City acts against water hood-ins after industry talks fail
Illegal to cross-connect
Under an ordinance passed last night by the Storm Lake City Council, it would be illegal for users of the city's water system to cross-connect with any other water system.
The action comes following a breakdown in talks with the city's two largest industries - IBP and Bil-Mar - to fund half of the improvements for a water plant expansion project.
City Administrator John Call said the need for the ordinance is two-fold. First, to protect the city's system from contamination; and second, to keep the city from becoming a supplemental water supplier for industry, he said.
"If a structure is using water from a private well, this updated ordinance would make it illegal to purchase water from the city's public water supply," Call said in a staff summary.
Exceptions to the ordinance include private water systems that are designed for watering lawns or washing vehicles.
"This is primarily a health and environment issue," Call said. "The city cannot take the chance that its water supply could become cross contaminated. Also, the City of Storm Lake does not want to get into the business of becoming a supplemental or back-up water supply for business or industry."
The city administrator announced at last month's council meeting that the water plant expansion project is on hold after the city and the two meat packing plants could not finalize an agreement.
As a result, the city council voted to up water usage rates for industries. The council approved the second reading of that ordinance last night, too.
The city had hoped to begin work on a $6.9 million capital improvement project at the treatment plant to increase capacity. Without a long-term deal with Bil-Mar and IBP, Call had said the city cannot start on those improvements.
The long-term contracts with IBP and Bil-Mar were to pay $3.45 million up front of the cost for the $6.9 million water project.
A spokesperson for IBP said last month that the company was exploring its options for a supplemental water supply to the plant and not searching for a private well to become the primary water source.
In other news:
* The city council agreed on a vote of 4-1 to make a police officer position currently being funded by a grant a permanent position on the Storm Lake Police Department.
The city applied for funding in 1998 through the Cops in School program in order to establish the School Resource Officer program, said Public Safety Director Mark Prosser.
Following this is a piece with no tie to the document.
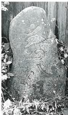
25 供養塔(八日塔) 湯田中梅翁寺(83× 40×25)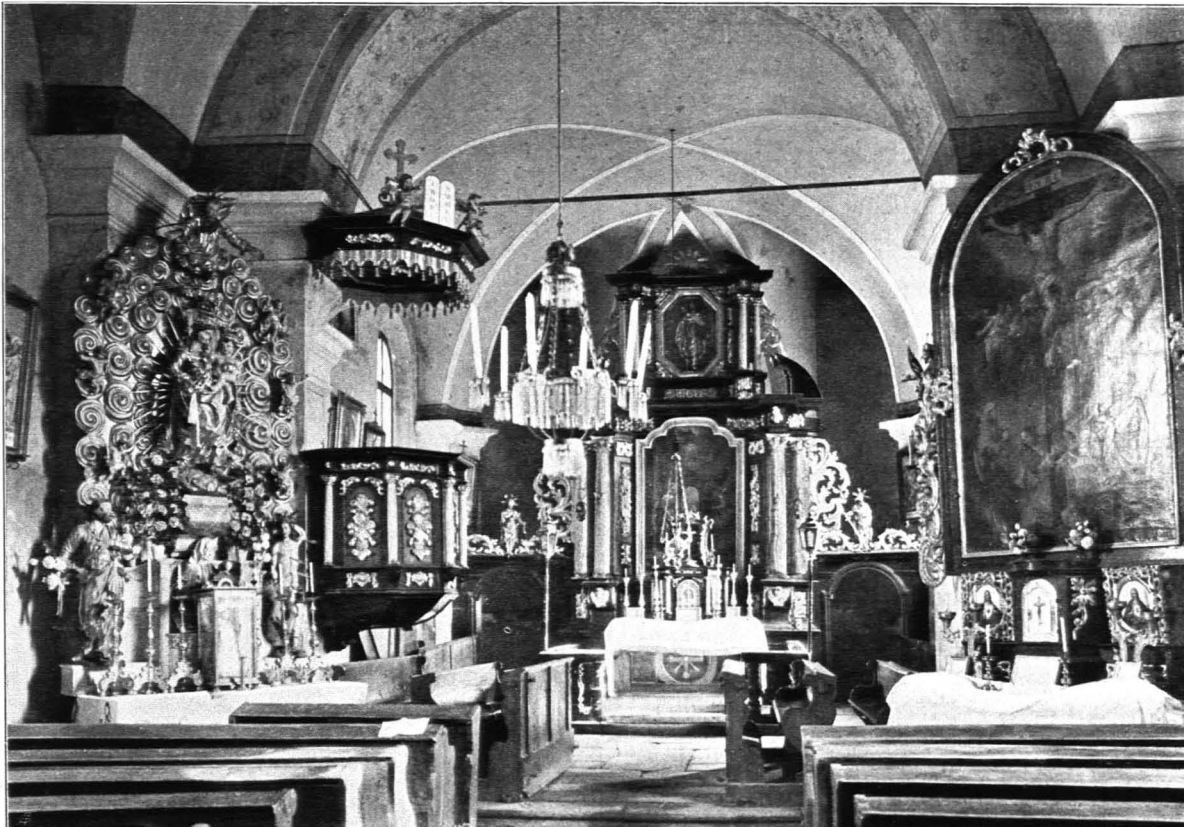
Fig. 331 Marbach am Walde, Pfarrkirche, Inneres gegen Osten (S. 354)

Chor: In gleicher Höhe und nur wenig einspringend im O. an das Langhaus angebaut. Rechteckig mit dreiseitigem Abschlusse. Umlaufender Sockel mit Steingesims. An der Südseite und an den Ecken fünf wenig vortretende rechteckige Strebpfeiler mit Steinpult- und Giebeldachung, in der Mitte geteilt durch ein profiliertes Gesims, mit eigenartiger Ecklösung bei den beiden südlichen Strebpfeilern. Im S. großes rundbogiges Fenster in Nische mit abgeschrägter Laibung, im O. querovales Fenster, im N. großes rundbogiges Fenster, daneben Sakristeianbau. Über Langhaus und Chor gemeinsames, nach O. abgewalmtes Ziegelsatteldach.

The program was initiated in 2000 after receiving funding.
The grant funded the position for three years, while requiring the city and school district to determine a way to fund the program a fourth year.
With the program half-over, Prosser asked the city council to make the officer a permanent member of the police department in order to continue serving the city after the grant expires.
Prosser said another officer is needed to help with the growing needs of Storm Lake. As the population grows and new businesses start, he said there is a likewise increase on the number of calls for service the department receives.
Council member Wally Burns voted against the request, noting that he is concerned that the city is spending all that it can for law enforcement.
* A noise variance was granted to Godbersen-Smith Construction for work on North Lake Avenue and Shoreway Drive.
The variance runs from 6:30 a.m. to 8 p.m., with the occasional need to run later.